Try it — Extract the full listing verbatim and drop any pictures from your copy.

Data below —
= Beginning of Section =
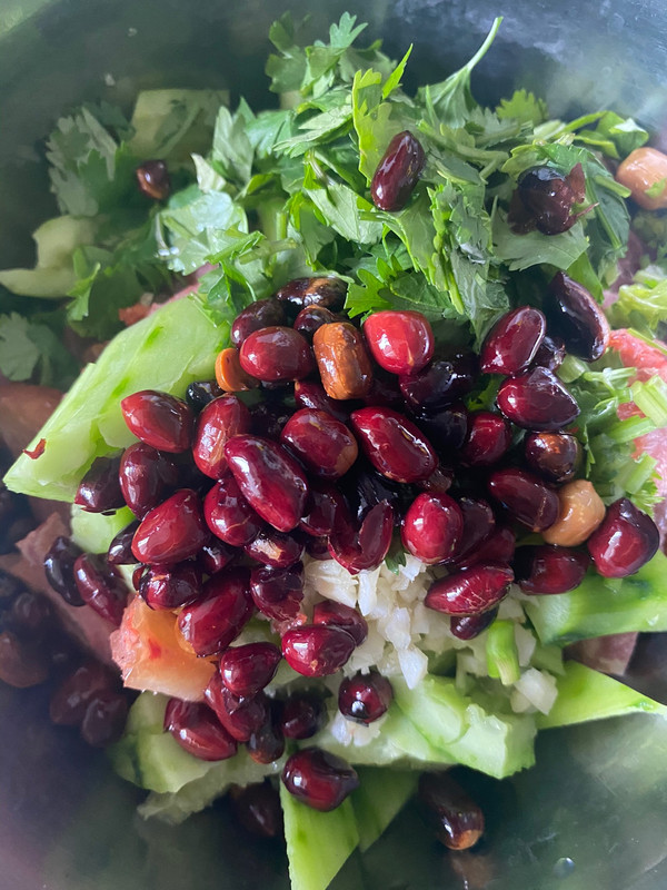 酱牛肉切片、黄瓜拍碎切块、放入蒜末、香菜、花生米、盐、鸡精、生抽、陈醋、香油、辣椒油拌匀就可以~
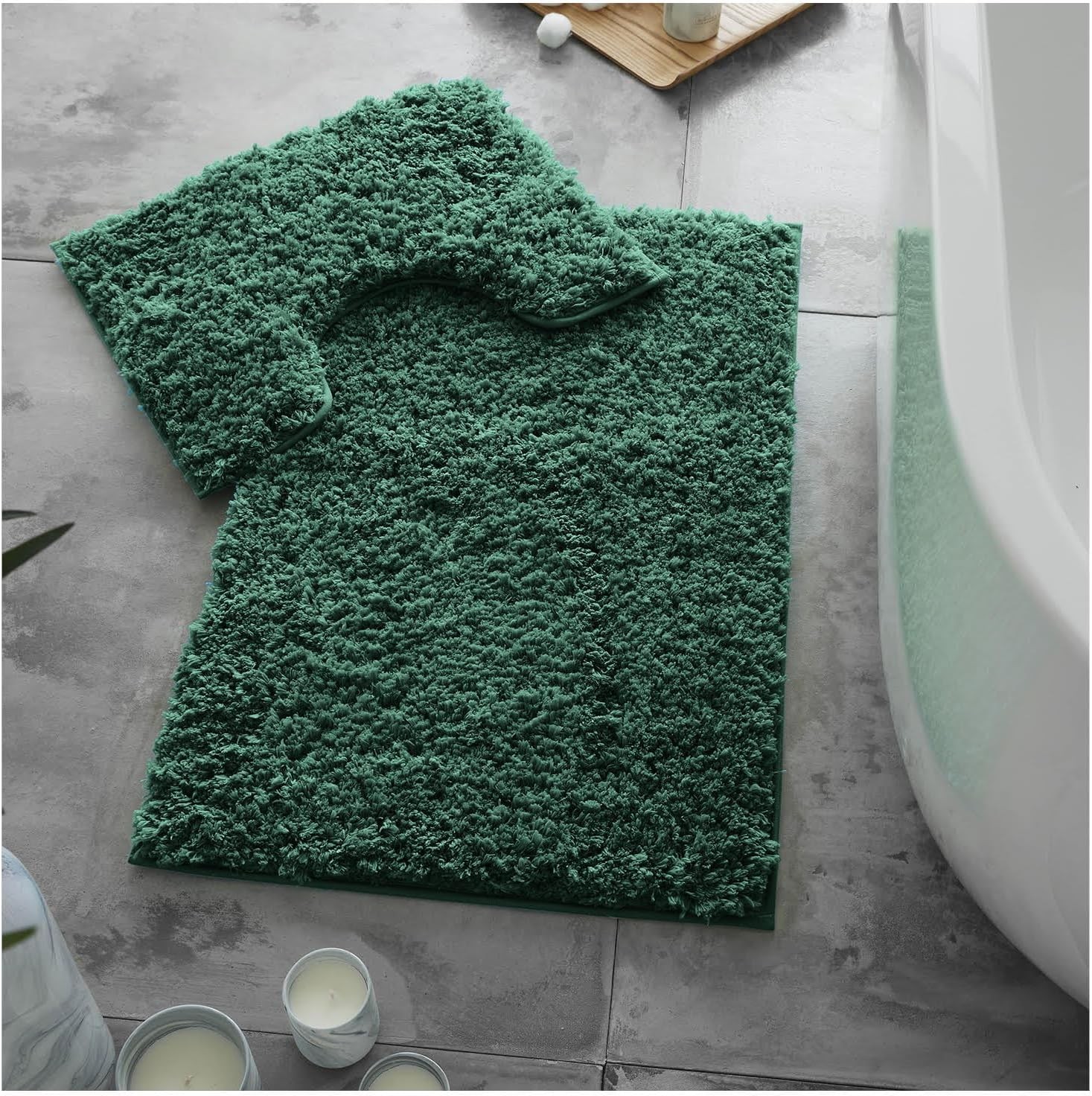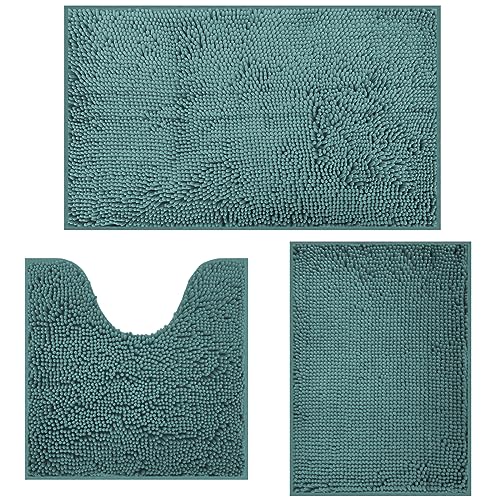 RUN HELIX Ultra Soft Chenille Bath Mat Non Slip, Bath Mat Set 3 Piece, Shaggy Bathroom Mats, Absorbent Bath Mats for Bathroom, Fluffy Bathrooms Mat Set with U-Shaped Toilet Rug (Dark Green)
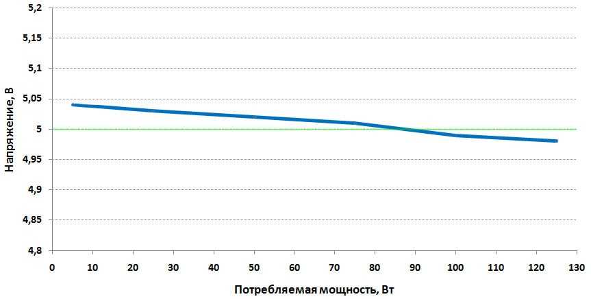 Канал +5 не хуже – минимальное 4,98 В, максимальное 5,04 В.
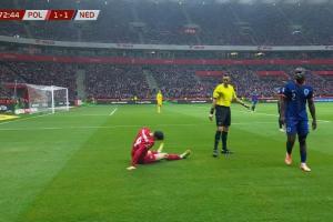 體育資訊11月15日訊 波蘭vs荷蘭第74分鐘,萊萬在爭搶時拉傷,直接坐下了,但暫時沒有換人。
= End of Section =
The answer —
 酱牛肉切片、黄瓜拍碎切块、放入蒜末、香菜、花生米、盐、鸡精、生抽、陈醋、香油、辣椒油拌匀就可以~
 RUN HELIX Ultra Soft Chenille Bath Mat Non Slip, Bath Mat Set 3 Piece, Shaggy Bathroom Mats, Absorbent Bath Mats for Bathroom, Fluffy Bathrooms Mat Set with U-Shaped Toilet Rug (Dark Green)
 Канал +5 не хуже – минимальное 4,98 В, максимальное 5,04 В.
 體育資訊11月15日訊 波蘭vs荷蘭第74分鐘,萊萬在爭搶時拉傷,直接坐下了,但暫時沒有換人。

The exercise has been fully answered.